Querying MIMIC-IV data
This article demonstrates how to extract and prepare clinical data from MIMIC-IV using Pathling. We use a clinical study on oxygen supplementation differences between racial groups as our example, focusing on the data preparation steps that transform raw healthcare records into analysis-ready datasets.
This work was originally published as part of the paper SQL on FHIR - Tabular views of FHIR data using FHIRPath published in npj Digital Medicine. The full code is available in the aehrc/sql-on-fhir-evaluation repository.
Introduction
We demonstrate these data extraction techniques using a study that examined whether patients from different racial and ethnic backgrounds receive different amounts of supplemental oxygen in intensive care units. This study provides an excellent example because it requires combining several types of clinical data: patient demographics, vital signs measurements, oxygen delivery records, and blood gas results.
Our data preparation process will extract:
- Patient demographic information including race and ethnicity
- Vital signs measurements, particularly oxygen saturation
- Oxygen flow rate measurements from respiratory equipment
- Blood gas analysis results showing oxygen levels in blood samples
Importing the MIMIC-IV dataset
The MIMIC-IV on FHIR dataset is provided in FHIR NDJSON format, and we can use the NDJSON reader in Pathling to load it into a set of Spark dataframes.
MIMIC-IV is available from Physionet.

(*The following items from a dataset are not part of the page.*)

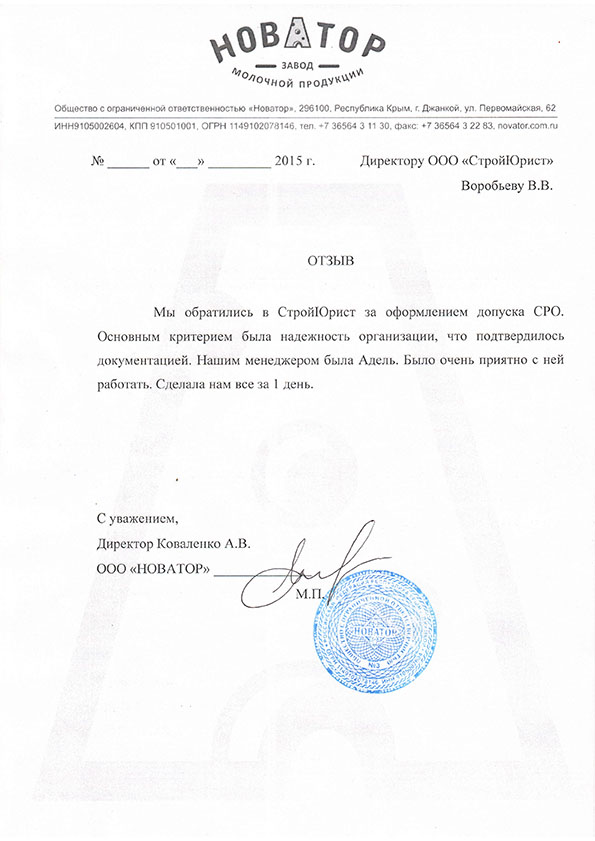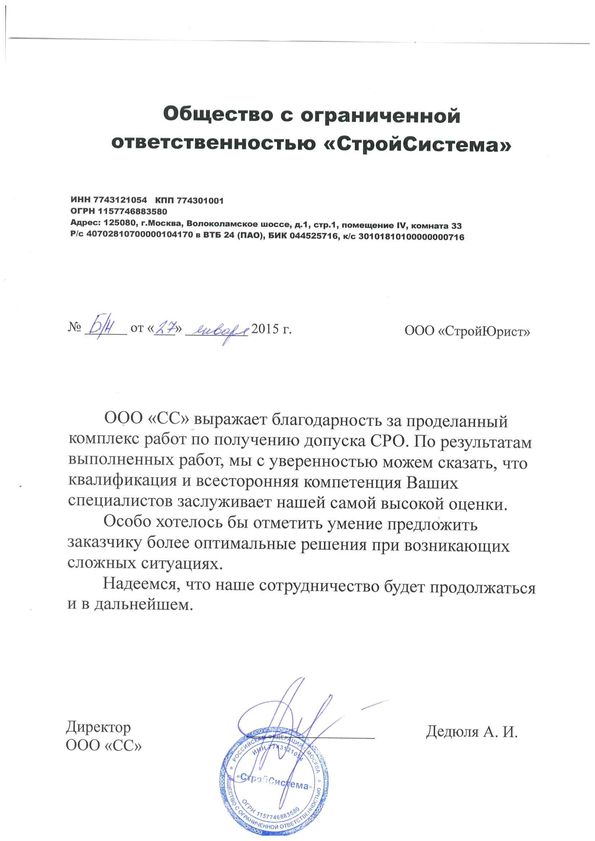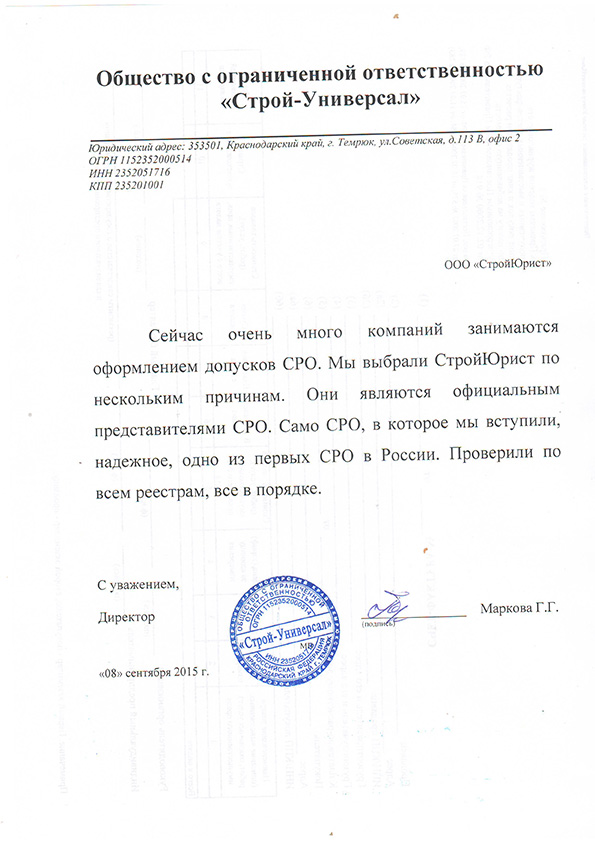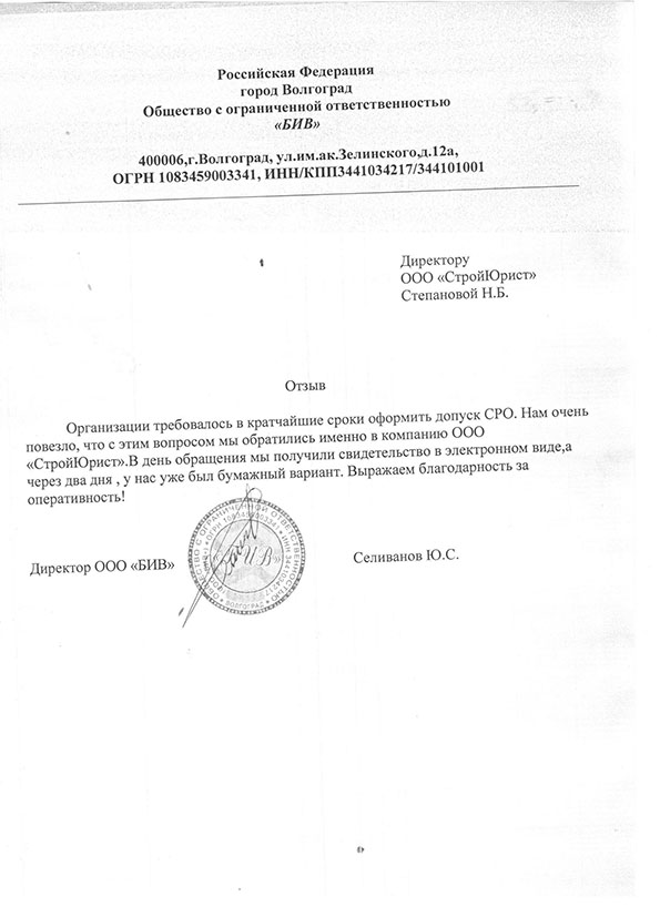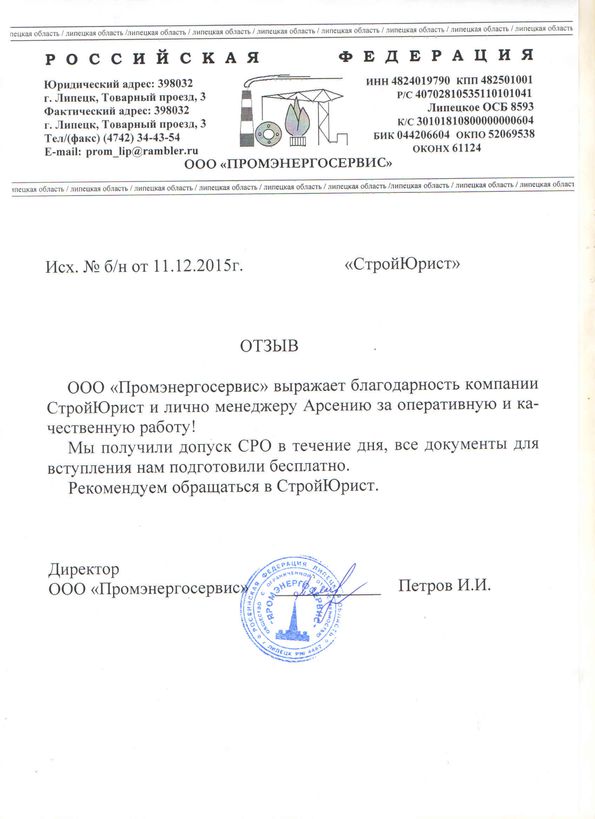 Отзывы клиентов "СтройЮрист" по вступлению в СРО в Электростали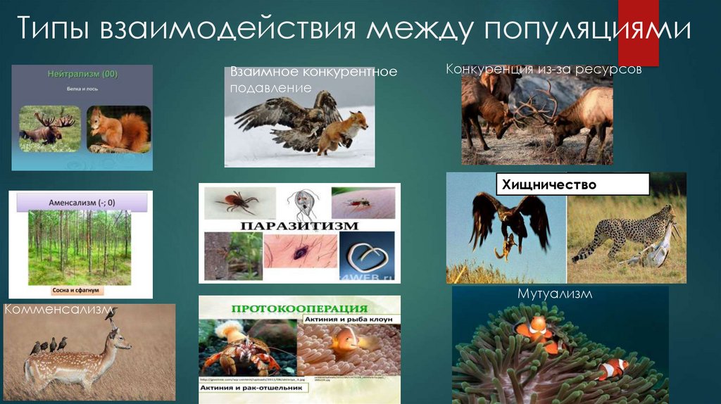 Типы взаимодействия между популяциямиВзаимное конкурентное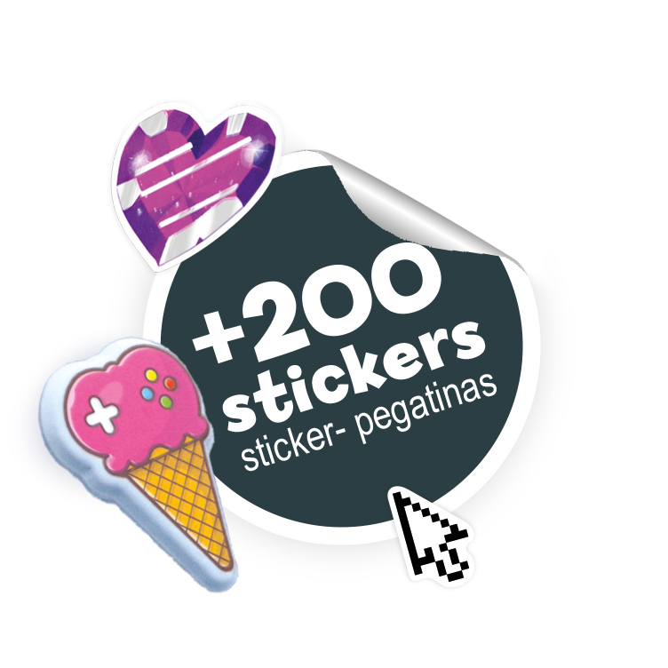 Komplekt sisaldab: 5 A5 kleepsulehte kokku 200+ kleepsuga, sh 3 värvilist lehte, 1 metallilise kontuuriga leht ja 1 pehmete 3D-kleepsude leht.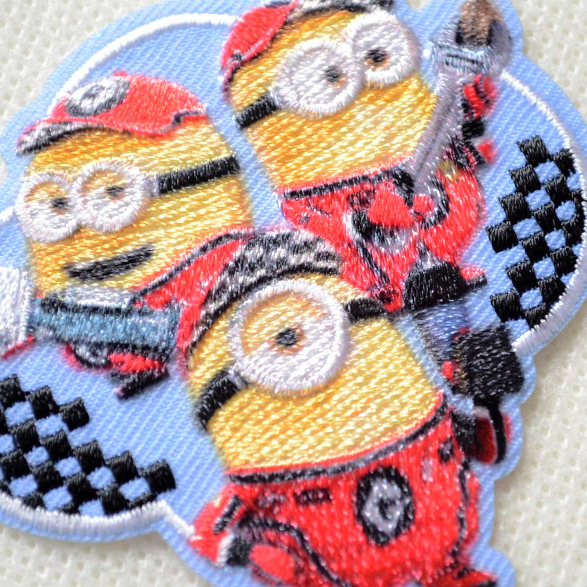 レーシング姿のミニオンたちがデザインされた、かわいくて存在感のあるワッペンです。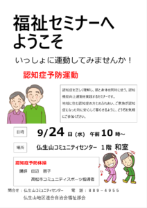 9月24日(水)10時~認知症予防体操を開催します。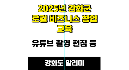 2025년 인천시 강화군 시군구 상생일자리 지원사업으로 로컬 비즈니스 창업과정 교육을 실시합니다. 약 4개월동안 매주 월, 목으로 진행되는 교육으로 유튜브 촬영, 편집, 기획 등 유튜브 콘텐츠 중심으로 진행됩니다.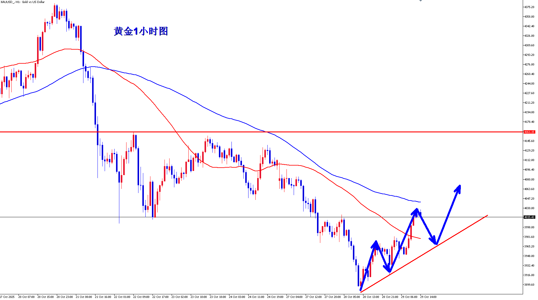 其实如果黄金现在今天强势上涨之后,那么其实已经消化了对美联储的降息预期,美联储利率决议大概率是要降息的,所以黄金等待美联储利率决议之后即使上涨也不要轻易追涨,耐心等待回落机会再考虑顺势多。黄金1小时现在整体还是震荡上涨,而且形成了上涨通道,那么黄金晚上回踩不破3965那么就是顺势多。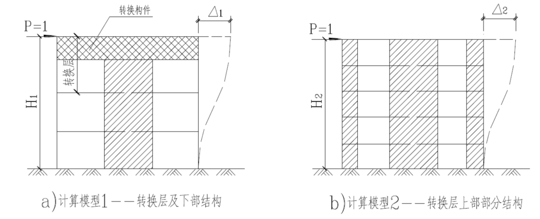 由于這種算法沒有考慮結構體系中支撐斜桿及水平桿件(比如連梁等)的剛度貢獻,也沒有考慮上下樓層的約束作用,因此,其適用范圍有一定局限?!陡邔咏ㄖ炷两Y構技術規程》規定,該方法主要用于轉換層位于底部一、二層時,轉換層上下剛度比驗算及結構嵌固條件復核。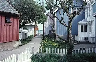 The old schoolhouse has been turned into an inn and post office, and one of the boathouses in the harbour and the temperance movement's lodge serves as community houses.

It comes in two variants:
- The full dataset (approximately 625M resources). This dataset requires credentialed access and the use must accept a data use agreement which includes a mandatory training course.
- A demo sample (approximately 1M resources).
Because MIMIC-IV uses a non-standard naming convention for its files, we need to provide a custom file name mapper to correctly identify the resource type for each file:
- Python
- R
data = pc.read.ndjson(
"/usr/share/staging/ndjson",
file_name_mapper=lambda file_name: re.findall(r"Mimic(\w+?)(?:ED|ICU|"
r"Chartevents|Datetimeevents|Labevents|MicroOrg|MicroSusc|MicroTest|"
r"Outputevents|Lab|Mix|VitalSigns|VitalSignsED)?$",
file_name))
library(sparklyr)
library(pathling)
pc <- pathling_connect()
data <- pc %>%
pathling_read_ndjson(
"/usr/share/staging/ndjson",
file_name_mapper = function(file_name) {
stringr::str_extract(file_name, "(?<=Mimic)\\w+?(?=ED|ICU|Chartevents|Datetimeevents|Labevents|MicroOrg|MicroSusc|MicroTest|Outputevents|Lab|Mix|VitalSigns|VitalSignsED|$)")
}
)
Understanding the data extraction approach
Layered data transformation
Data is first extracted into a set of intermediate views using SQL on FHIR view definitions. These views extract all relevant elements from the FHIR data.
Next, related measurements are combined into clinical concepts such as vital signs and oxygen delivery using SQL transformations.